:: Raw data ::

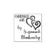 The simple design features san serif and calligraphy font with two solid curly hearts for your "handmade with love" product identification. Click the link to add your details or click customise to select a font style, size, and colour you like that works.
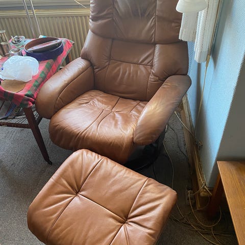 Bend lænestol med skammel og rød læderpolstring og ubehandlet træstel i eg.
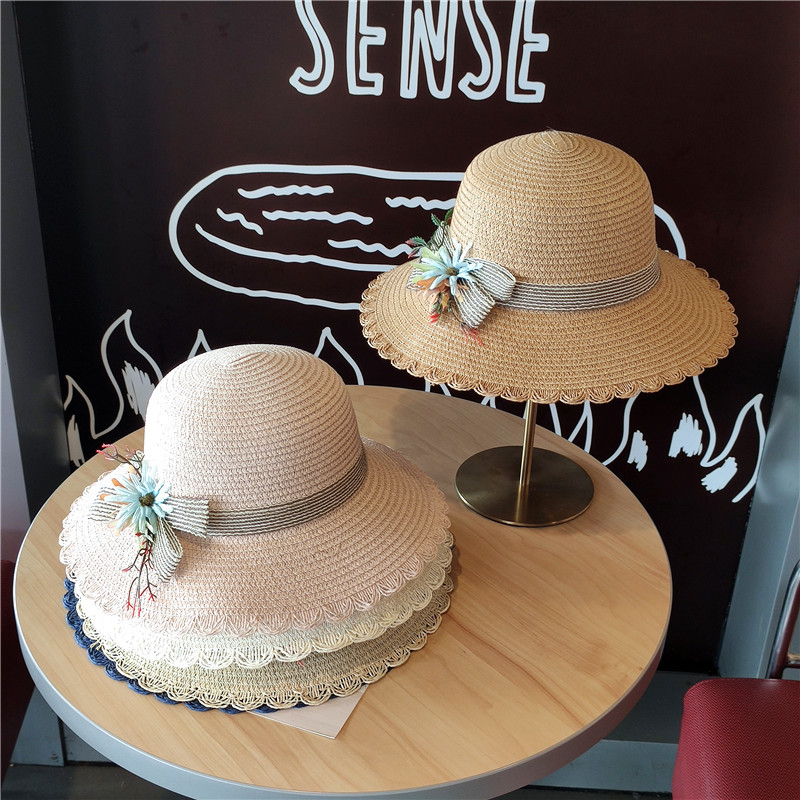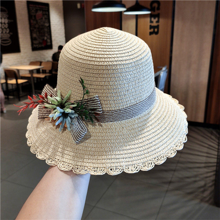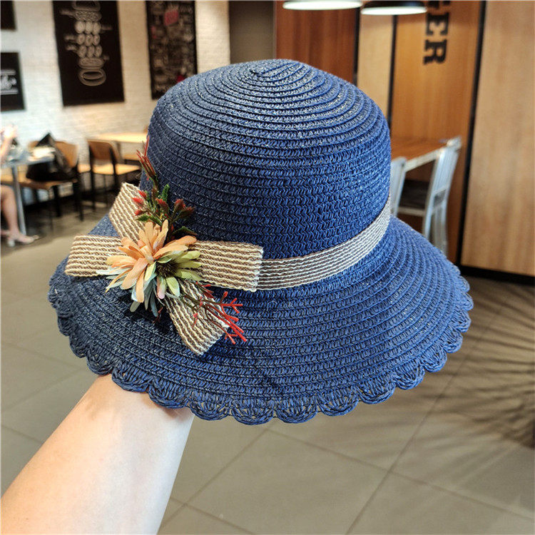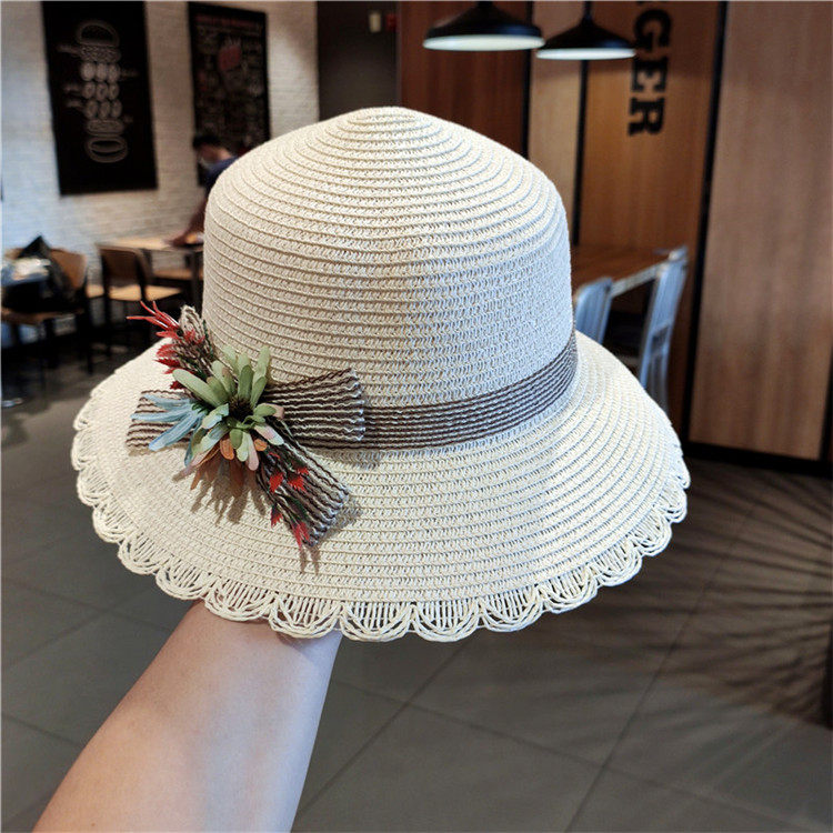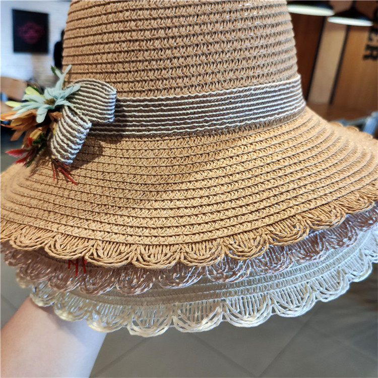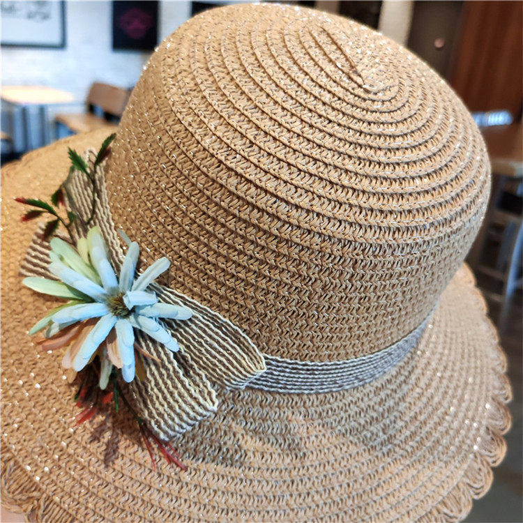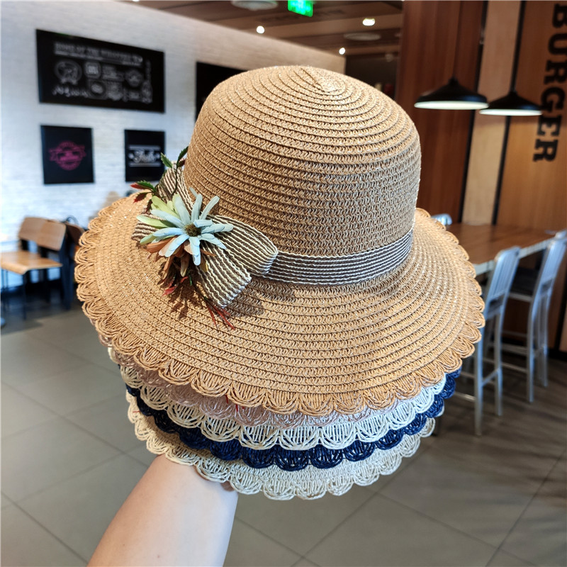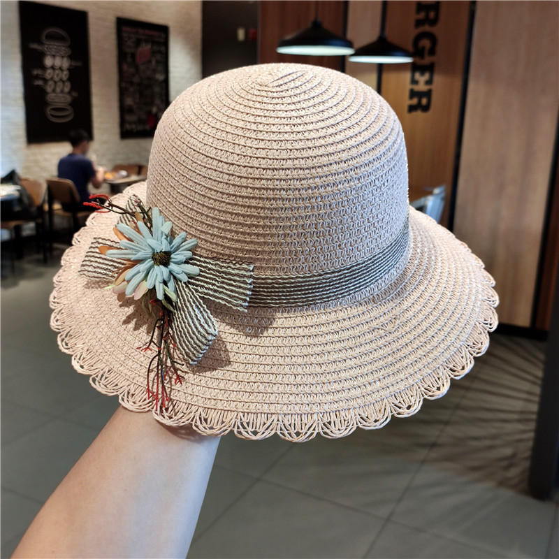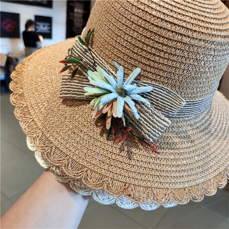 花朵草帽女夏季沙滩帽韩版可折叠出游海边防晒遮阳帽小清新太阳帽

:::

— Directions for this task —
Would you transcribe the whole listing above exactly? The pictures should not be included.

— Exercise result —
 The simple design features san serif and calligraphy font with two solid curly hearts for your "handmade with love" product identification. Click the link to add your details or click customise to select a font style, size, and colour you like that works.
 Bend lænestol med skammel og rød læderpolstring og ubehandlet træstel i eg.
 花朵草帽女夏季沙滩帽韩版可折叠出游海边防晒遮阳帽小清新太阳帽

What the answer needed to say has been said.